It seems as if the WEP was designed to protect the system from people who have government pensions not covered by social security, who then work for the private sector a short time and receive a proportionately higher social security payment because the system only sees (and recognizes) a lower earnings record. Lower earners are given a higher social security payment. If you appear to be a lower earner (artificially) you are deemed to be receiving a "windfall." To eliminate this, the 1980s provision was enacted. The problem was that they never factored in the inverse situation: A lower wage earner for social security purposes who has 40 quarters but just 20 years of earnings (not 30) due to higher educational pursuits. Now earning a high salary that will yield a good government pension, but will subject the social security payment to "windfall" treatment.

This stinks because the earlier earnings were secured in good faith.
 
@Ellen Marie I have never heard of an offset.

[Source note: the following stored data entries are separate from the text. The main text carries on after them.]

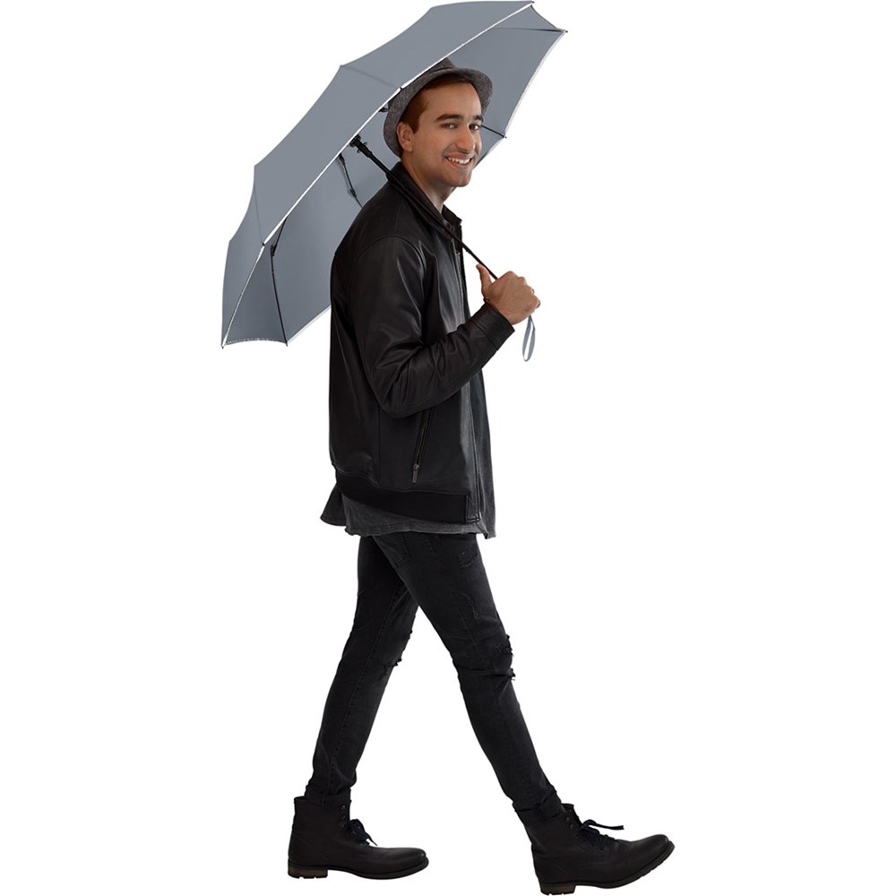 Stabiler Automatik-Taschenschirm mit modisch reflektierender Paspelierung Komfortable Automatik-Funktion zum schnellen Öffnen, hochwertiges Windproof-PLUS-System für eine maximale Gestell-Flexibilität bei stärkeren Windböen, Bezug mit modischer Reflexpaspel in silber, Soft-Touch-Griff mit glänzender Auslösetaste und Werbeanbringungsmöglichkeit, Futteral mit modischer Reflexpaspel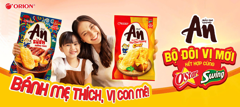 Nhằm tăng thêm sự kết nối giữa các thế hệ qua những bữa ăn nhẹ hay buổi liên hoan ấm cúng, Orion không ngừng sáng tạo bánh gạo nướng An để mang đến nhiều hương vị và trải nghiệm mới mẻ hơn. Từ đó, lần đầu tiên, thương hiệu An kết hợp cùng O’Star và Swing cho ra mắt hai hương vị độc đáo: Khoai tây phô mai nướng và Sườn nướng tảng, đậm chất hiện đại, cá tính, được giới trẻ yêu thích.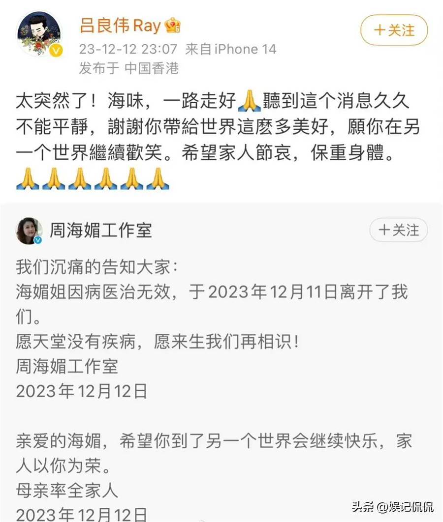 另外,周海媚的前夫呂良偉也發文悼念,56個字的文案,字字催淚,他還首次喊出了兩人曾經的專屬甜稱「海味」,情真意切的表白讓人瞬間淚目。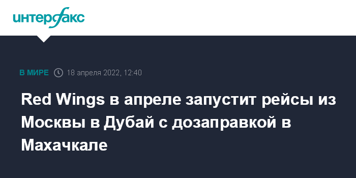 Москва. 18 апреля. INTERFAX.RU - Red Wings 27 апреля планирует запустить рейсы из Москвы (аэропорт "Домодедово") в Дубай (ОАЭ), сообщает авиакомпания.

What is that and how does it work? Wow, your situation looks worse than mine.

I am not complaining, though it kind of sounds like it. :) I will have a decent pension which is more than most people get any more. But my SS will not be much more than yours, which was a shock. Does an offset work anything like a WEP? Is it because you have a pension or some other source of income to take the place of SS?
 
@Christopher I think I will wait until full retirement to claim my benefit also, but for me that's another 5 1/2 years. It's interesting that there's legislation pending on this but I don't really see it going anywhere. Not with the situation SS is in now.

"This stinks because the earlier earnings were secured in good faith." Exactly!
 
@Ellen Marie I have never heard of an offset. What is that and how does it work? Wow, your situation looks worse than mine.

I am not complaining, though it kind of sounds like it. :)

Well, I am complaining to a point. I paid into ssa full time for 10+ years. Then, I worked for the government to draw a pension (26 years), I retired and I have worked at least half time since then (13 years) paying into ssa for 13 years. However, to reclaim my ssa benefits with a government pension, I must earn, and pays ssa on, more than $22000 a year, which I don't. So, I get 40% of my ssa benefit, and the government continues to keep 60% of my ssa eligibility.... for life.
 
@Ellen Marie Yes, that does suck and I can see where you would be complaining. You have worked a lot of years.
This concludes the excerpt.